§ WHAT TO DO
From the material below, set down exactly the lines that run from the one containing "La DELEKS® DK-900" to the one containing "به گزارش میزهنری،به", minus the pictures.

§ SUPPLIED MATERIAL
-*-

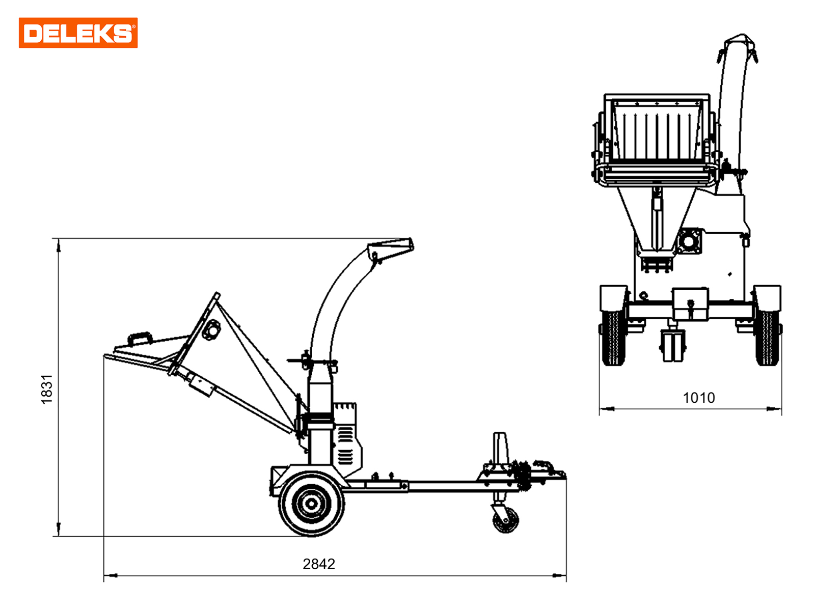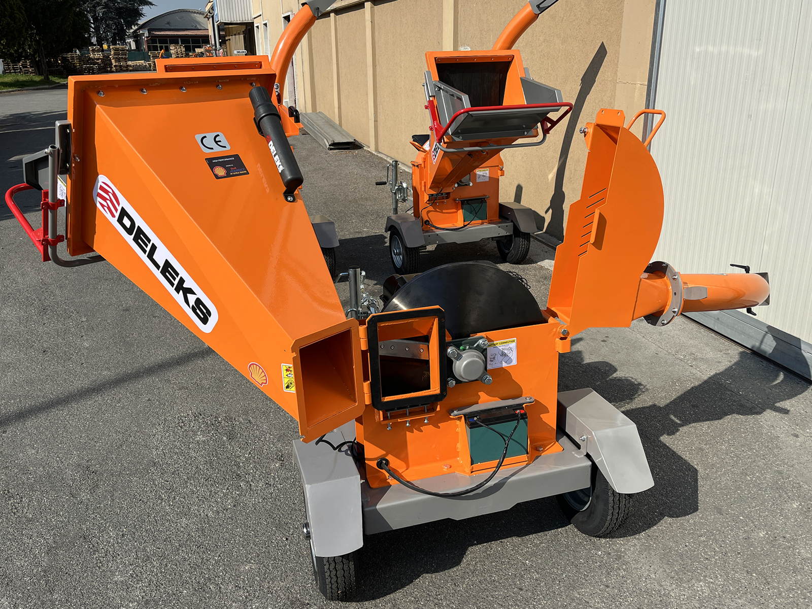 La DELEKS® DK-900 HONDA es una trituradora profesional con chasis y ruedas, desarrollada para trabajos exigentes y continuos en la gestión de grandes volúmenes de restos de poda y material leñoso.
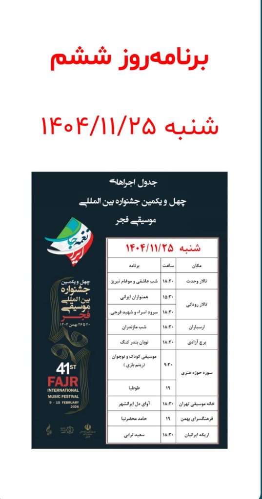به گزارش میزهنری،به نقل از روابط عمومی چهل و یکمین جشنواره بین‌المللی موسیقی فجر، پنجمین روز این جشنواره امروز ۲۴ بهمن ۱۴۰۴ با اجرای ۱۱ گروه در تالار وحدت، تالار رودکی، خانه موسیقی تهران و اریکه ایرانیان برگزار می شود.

-*-

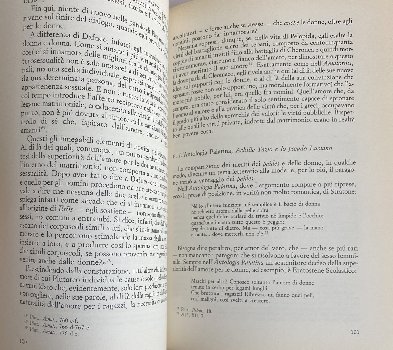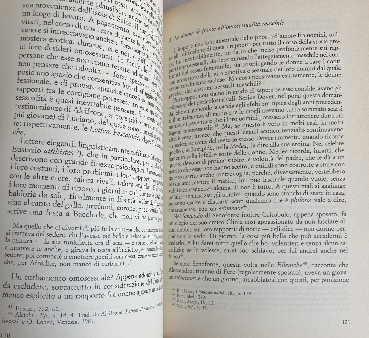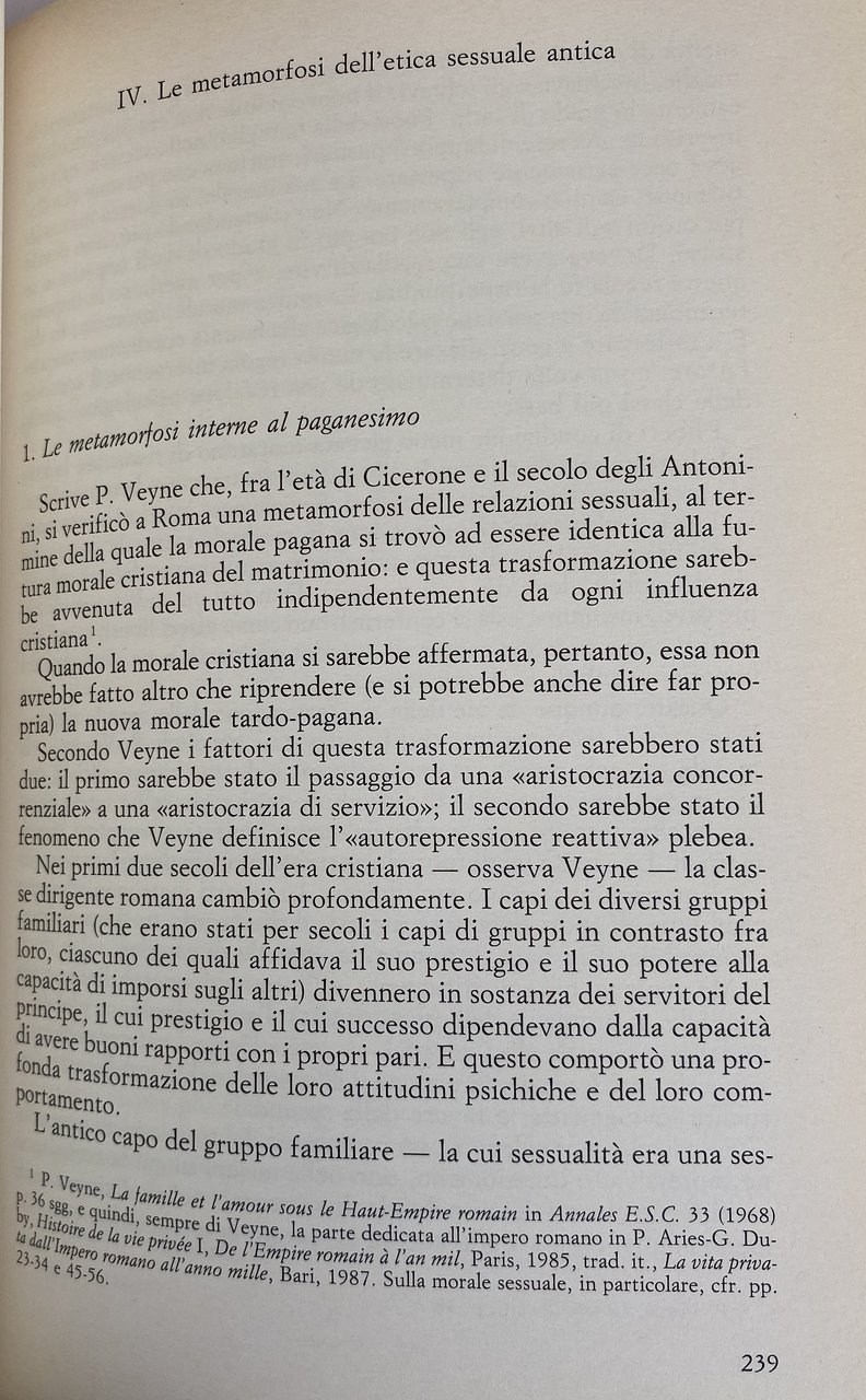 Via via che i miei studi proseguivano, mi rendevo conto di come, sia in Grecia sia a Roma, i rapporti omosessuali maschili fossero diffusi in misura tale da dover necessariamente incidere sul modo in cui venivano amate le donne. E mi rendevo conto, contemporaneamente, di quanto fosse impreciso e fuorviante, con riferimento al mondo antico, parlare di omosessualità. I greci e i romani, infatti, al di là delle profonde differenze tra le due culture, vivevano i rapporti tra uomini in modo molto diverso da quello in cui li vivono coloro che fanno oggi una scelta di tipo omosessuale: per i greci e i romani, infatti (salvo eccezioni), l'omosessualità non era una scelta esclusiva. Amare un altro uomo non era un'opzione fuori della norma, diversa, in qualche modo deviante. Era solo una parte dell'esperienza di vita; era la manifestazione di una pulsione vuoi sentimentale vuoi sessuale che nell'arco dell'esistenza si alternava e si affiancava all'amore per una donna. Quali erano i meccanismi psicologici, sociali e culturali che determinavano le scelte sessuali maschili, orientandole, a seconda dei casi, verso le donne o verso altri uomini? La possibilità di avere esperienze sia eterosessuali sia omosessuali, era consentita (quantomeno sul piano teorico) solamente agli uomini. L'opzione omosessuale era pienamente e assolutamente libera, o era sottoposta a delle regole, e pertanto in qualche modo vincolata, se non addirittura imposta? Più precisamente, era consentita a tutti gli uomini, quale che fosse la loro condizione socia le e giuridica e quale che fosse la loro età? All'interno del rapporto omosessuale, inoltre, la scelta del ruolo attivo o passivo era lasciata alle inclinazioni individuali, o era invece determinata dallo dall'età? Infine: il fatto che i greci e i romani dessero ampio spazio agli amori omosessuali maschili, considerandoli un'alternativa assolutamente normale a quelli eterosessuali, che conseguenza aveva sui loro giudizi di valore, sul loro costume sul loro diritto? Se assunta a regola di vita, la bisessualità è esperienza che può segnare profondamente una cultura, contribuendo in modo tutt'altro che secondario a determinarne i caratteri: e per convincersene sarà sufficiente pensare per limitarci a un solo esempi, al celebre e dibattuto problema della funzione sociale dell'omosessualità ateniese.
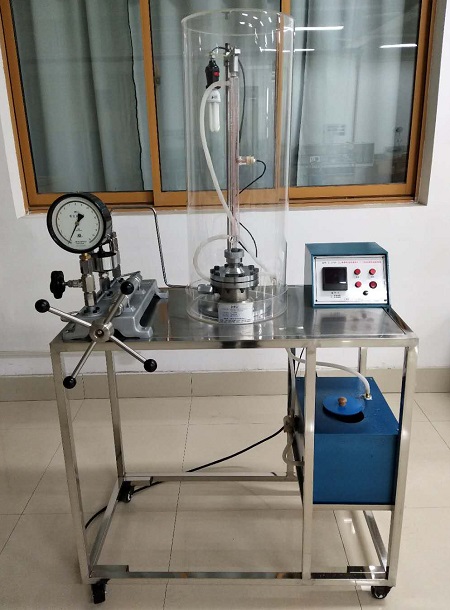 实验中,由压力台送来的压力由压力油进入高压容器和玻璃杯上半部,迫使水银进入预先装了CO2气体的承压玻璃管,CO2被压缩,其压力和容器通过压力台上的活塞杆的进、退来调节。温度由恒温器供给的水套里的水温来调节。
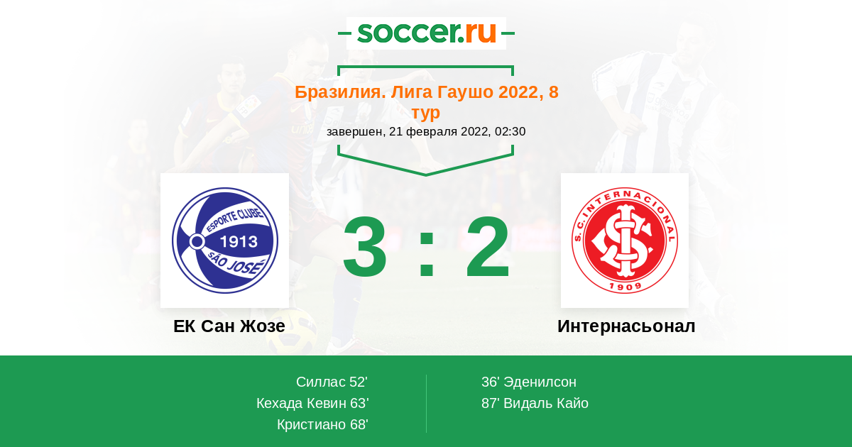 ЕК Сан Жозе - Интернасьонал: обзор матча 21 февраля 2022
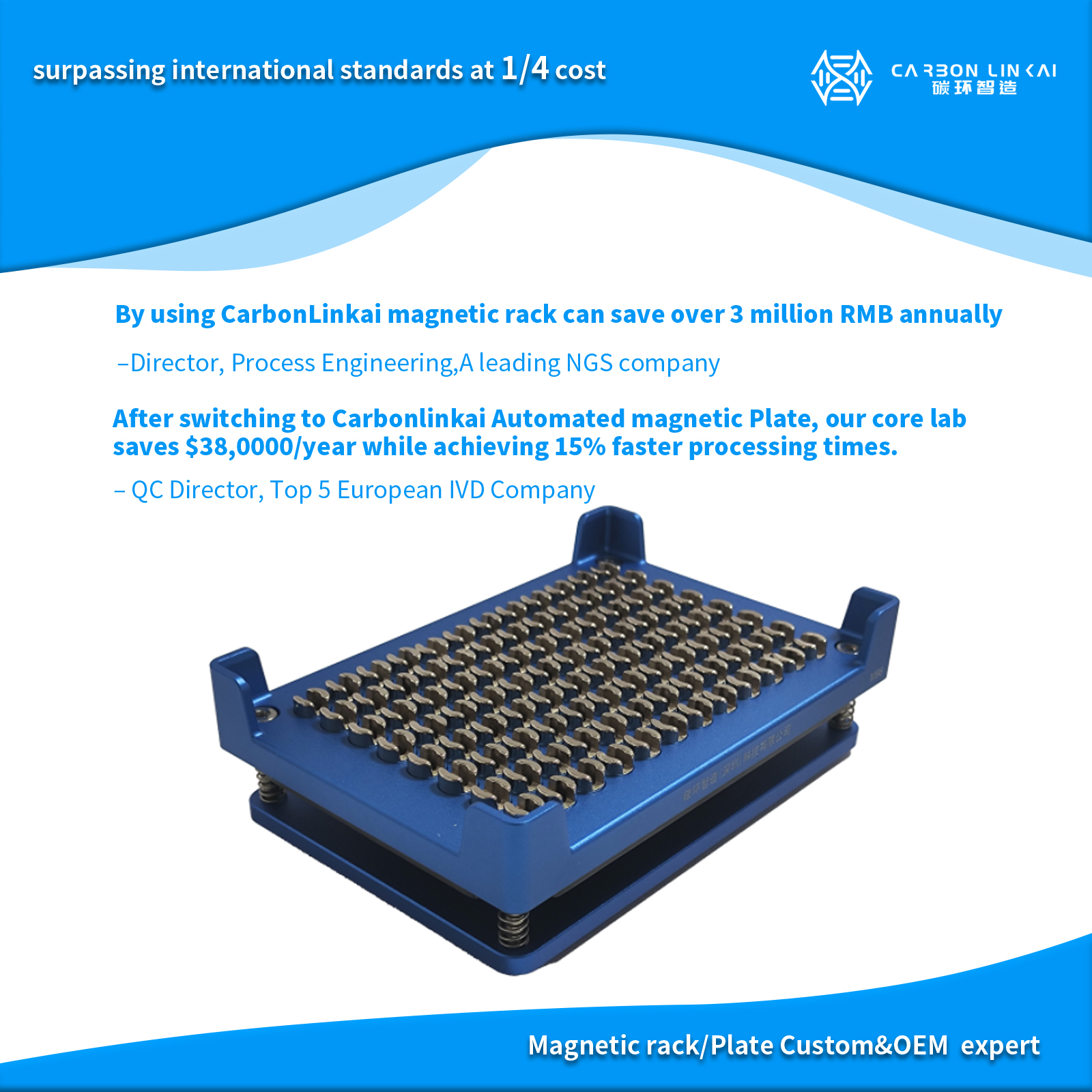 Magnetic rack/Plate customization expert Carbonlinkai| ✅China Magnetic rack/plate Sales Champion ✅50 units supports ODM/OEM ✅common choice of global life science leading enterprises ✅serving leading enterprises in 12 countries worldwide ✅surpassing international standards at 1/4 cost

-*-

§ RESPONSE TO THIS EXERCISE
 La DELEKS® DK-900 HONDA es una trituradora profesional con chasis y ruedas, desarrollada para trabajos exigentes y continuos en la gestión de grandes volúmenes de restos de poda y material leñoso.
به گزارش میزهنری،به نقل از روابط عمومی چهل و یکمین جشنواره بین‌المللی موسیقی فجر، پنجمین روز این جشنواره امروز ۲۴ بهمن ۱۴۰۴ با اجرای ۱۱ گروه در تالار وحدت، تالار رودکی، خانه موسیقی تهران و اریکه ایرانیان برگزار می شود.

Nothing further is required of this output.